2. **Leverage NumPy for Numerical Operations**:
   - NumPy functions are faster for numerical computations:

   ```python
   import numpy as np
   data['Log Column'] = np.log(data['Numeric Column'])
   print(data[['Numeric Column', 'Log Column']].head())
   ```

3. **Filter Rows and Columns Efficiently**:
   - Use boolean indexing or `.loc[]` for filtering data:

   ```python
   filtered_data = data.loc[data['Value'] > 10, ['Column1', 'Column2']]
   print(filtered_data.head())
   ```

## Testing Transformations

### Why It Matters
- Validating transformations ensures accuracy and prevents errors from propagating through the analysis pipeline.
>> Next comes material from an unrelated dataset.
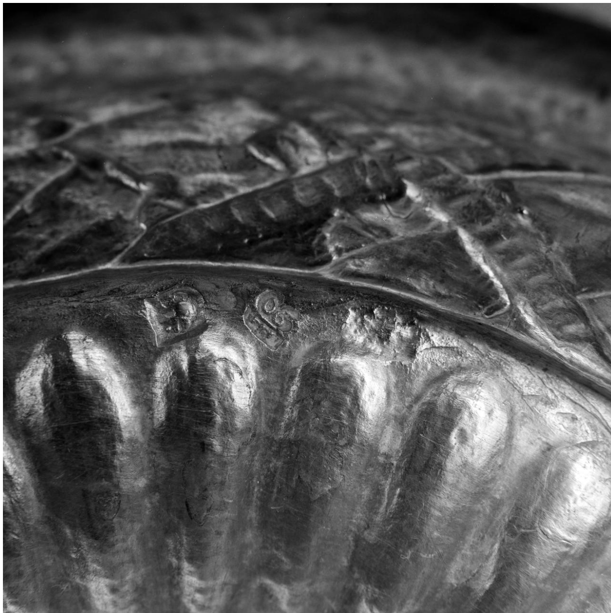
Détail : poinçon de la date (1790) et poinçon d' un maître-orfèvre tournaisien (non identifié), insculpés sur le talon.

### How to Test Transformations
1. **Preview Results**:
   - Use `.head()`, `.tail()`, or `.sample()` to inspect transformed data.

   ```python
   print(data.head())
   print(data.sample(5))  # Random sample for validation
   ```

2. **Check Data Consistency**:
   - Use `.info()` and `.describe()` to ensure data types and statistics align with expectations.

   ```python
   print(data.info())
   print(data.describe())
   ```

3. **Assert Expected Outcomes**:
   - Use assertions to test specific conditions:

   ```python
   assert data['New Column'].isnull().sum() == 0, 'Missing values found in New Column'
   assert data['Value'].max() <= 100, 'Values exceed expected range'
   ```

## Document Transformation Steps

### Why It Matters
- Clear documentation ensures reproducibility and helps others (or future you) understand the steps taken.
- Provides a record of the transformations applied, which is especially useful in collaborative projects.

### How to Document
1. **Comment Your Code**:
   - Add clear comments describing the purpose of each transformation:

   ```python
   # Add a column indicating high case counts
   data['High Cases'] = np.where(data['New Cases'] > 1000, 'Yes', 'No')
   ```

2. **Use Notebooks for Analysis**:
   - Jupyter notebooks allow combining code, markdown, and visualizations for a clear narrative:

   ```python
   print(data.head())
   ```

3. **Maintain a Change Log**:
   - Keep track of major transformations in a separate document or notebook section.

   ```markdown
   ## Change Log
   - Added 'High Cases' column based on 'New Cases'.
   - Filtered data to exclude outliers.
   ```

## Conclusion

Adhering to these best practices ensures that your data transformations are efficient, accurate, and reproducible. Following these tips will save time and minimize errors in your data analysis pipeline.